Troubleshoot etcd for GKE on AWS

This pages shows you how to resolve issues with etcd for GKE on AWS.

etcd data disk is full

The following error occurs when the etcd data disk is full, and might be observed in a few different ways:

  • The etcd logs might show timeout errors for writing requests:

    rafthttp: failed to save KV snapshot (write /var/etcd/data/member/snap/tmp720030520: no space left on device)

    You might also see timeout errors for connections to peers:

    rafthttp: health check for peer [peer-id] could not connect: dial tcp [peer-ip]:2380: i/o timeout
    etcd server doesn't start:
  • The serial port logs might indicate that etcd can't start due to lack of space:

    failed on file /dev/stdout (No space left on device)

To determine the size of your etcd instance, use one of the following methods:


  1. Connect to one of the master nodes using SSH and run the following command:

    ETCDCTL_API=3 etcdctl --write-out=table endpoint status

    The DB_SIZE column indicates the size used, as shown in the following condensed example output:

    |    ENDPOINT      |        ID        | VERSION | DB SIZE |
    | | 4917a7ab173fabe7 |  3.5.0  |   45 kB |
    | | 59796ba9cd1bcd72 |  3.5.0  |   45 kB |
    | | 94df724b66343e6c |  3.5.0  |   45 kB |


  1. In the console, go to the Cloud Monitoring page.

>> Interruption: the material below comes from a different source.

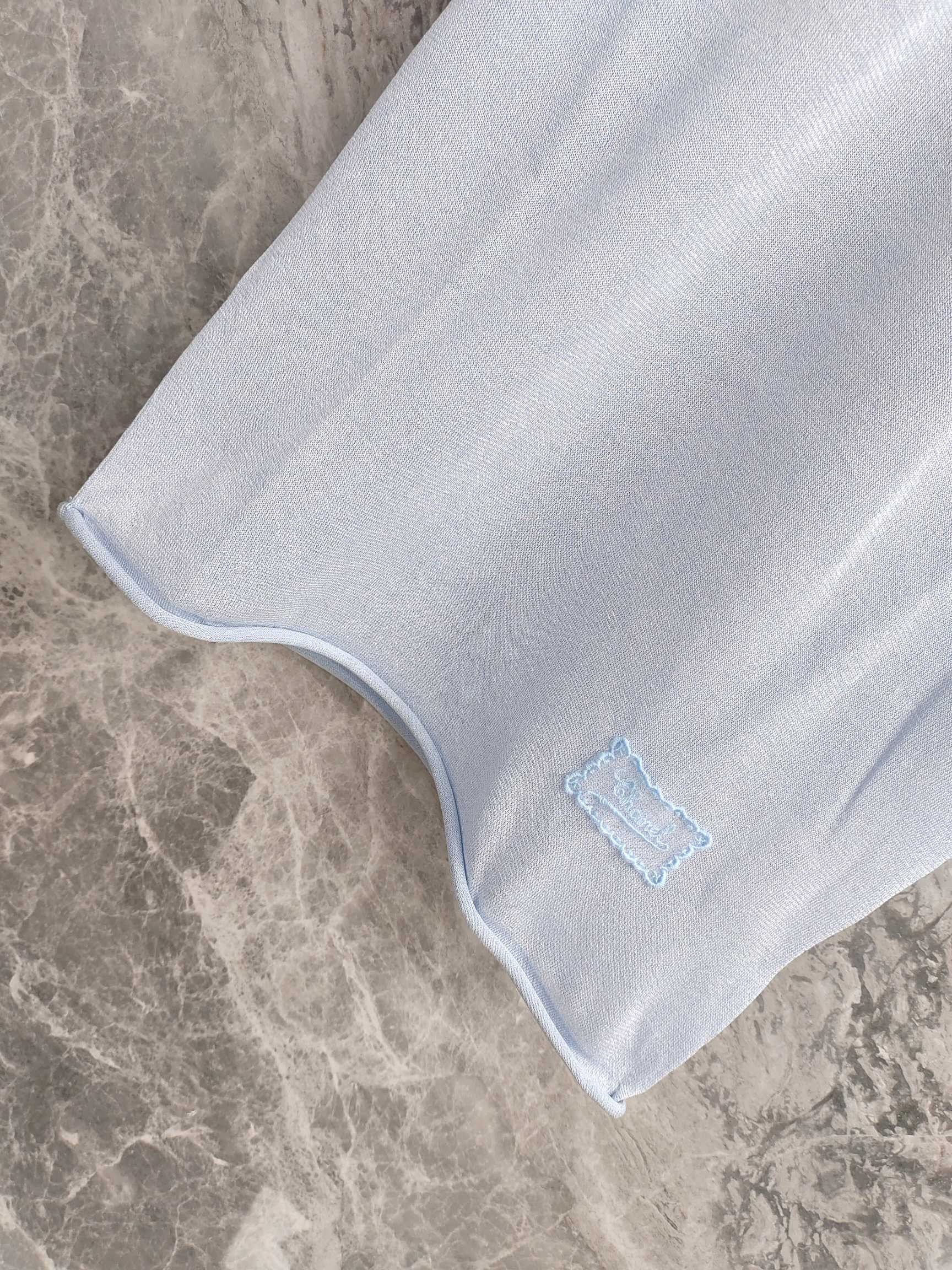 Step into the world of timeless elegance with this exquisite Chanel light blue short - sleeved knit top.
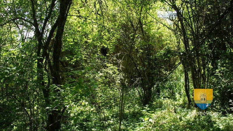 Situé dans un petit îlot forestier, accessible en traversant les champs, aucune indication d'une propriété privée mais ce n'est pas à exclure. Environnement boisé et escarpé.

    Go to the Cloud Monitoring page

  2. Select Metrics explorer.

  3. Select the metric etcd_mvcc_db_total_size_in_bytes metric.

To resolve this issue, resize the data disk for etcd using the appropriate procedure for your storage provider and operating system. Add enough additional space to account for future etcd growth.

  1. After the disk is resized, check if there's still a warning on disk space:

    ETCDCTL_API=3 etcdctl alarm list
  2. If the last column reports NOSPACE, disarm the alarm as follows:

    ETCDCTL_API=3 etcdctl alarm disarm